CMU 15-451, Algorithms

This course is about designing algorithms for computational problems, and how to think clearly about analyzing correctness and running time. The main goal of this course is to provide the intellectual tools needed for designing and analyzing your own algorithms for new problems you need to solve in the future. Algorithm design tools we will discuss include Dynamic Programming, Divide-and-Conquer, Data Structure design principles, Randomization, Network Flows, Linear Programming, and the Fast Fourier Transform. Some analytical tools we will discuss and use include Recurrences, Probabilistic Analysis, Amortized Analysis, and Potential Functions. We will also discuss a bit of Complexity Theory (which looks at the intrinsic difficulty of computational problems) as well as Cryptography and Algorithmic Game Theory.

 

CS 15-750 (Graduate Algorithms)

This course is about good data structures, design of fast algorithms, algorithmic analysis (counting steps), and proofs (eg of correctness of algorithms).

It is assumed that each student has already taken an undergraduate algorithms course in which he or she got a B or better. If not, she should take CS15-450 first.

Specific data structure topics to be taught include: Binomial Heaps, Fibonacci Heaps, Amortized Analysis, Splay Trees.

Depending on the instructor, there may be lectures on Union-Find and Self-Organizing Data Structures.

Randomizing algorithms are often either simpler or faster than their non-randomizing counterparts. It is assumed that the student will have seen the analysis of Quick-Sort. In this course, these ideas will be extended to

  • Randomizing Binomial Search Trees.
  • Plane and Planar Graphs, Planarity Testing Algorithms, Planar Separator Theorems.
  • Flow algorithms, Matching. Randomizing matching (using Tutte's theorem).
  • Reductions and NP Completeness, Cook's Theorem.
    Counting Problems and #P completeness, Counting bipartite matchings.
  • Approximation Algorithms for a variety of NP-complete problems.
  • Probability and Randomness. Chernoff Bounds. Random Walks on Graphs.
  • The Probabilistic Method of Erdos, Alon and Spencer.

Other topics selected by the instructor may include, but are not limited to, number-theoretic algorithms, numerical analysis, machine learning, and complexity theory.

 

CS 15-453 (Formal Languages Automata and Computability aka FLAC)

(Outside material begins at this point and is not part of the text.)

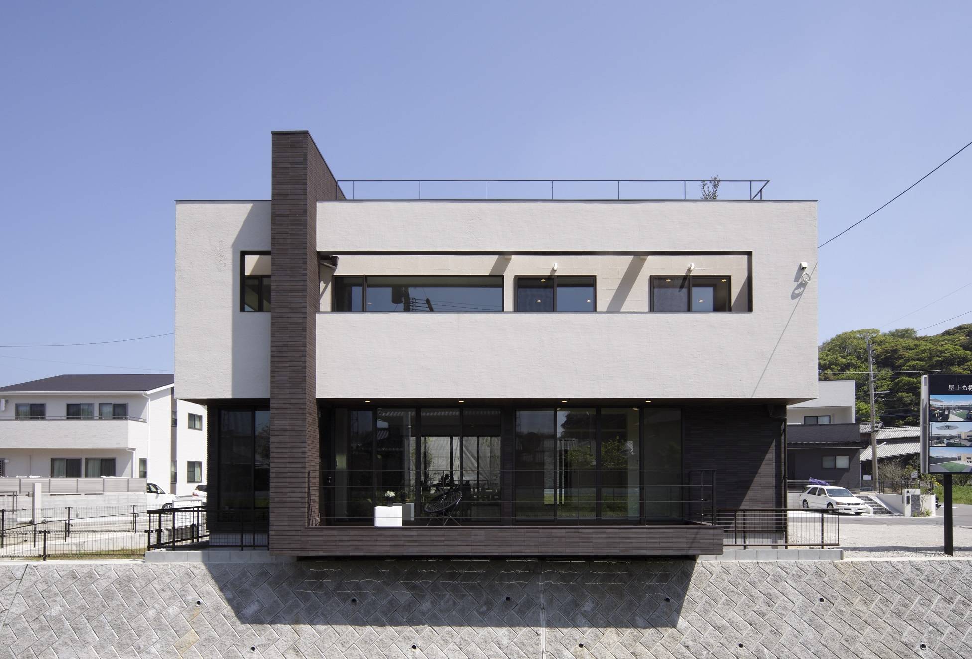 ブラウンの箱の上にベージュの箱を載せ、スッキリと整った印象を与えています。 建物の色をアースカラーにする事と、こげ茶のタイルの帯をぐるっと南北ににまわす事で、 デザインが軽くならず、趣のある邸宅感を得られるようにしています。 モデルハウスとして、どの方向から見られても良いように、「裏面」の無いデザインとしています。

This course provides an introduction to formal languages, automata, computability, and complexity. In the Fall of 2005, we will emphasize complexity theory more heavily than in previous semesters. The course consists of a traditional lecture component supported by weekly homework assignments and a course project. There are two midterms and a final examination.

Textbook: Introduction to the Theory of Computation (2nd Ed.) by Michael Sipser, 2005.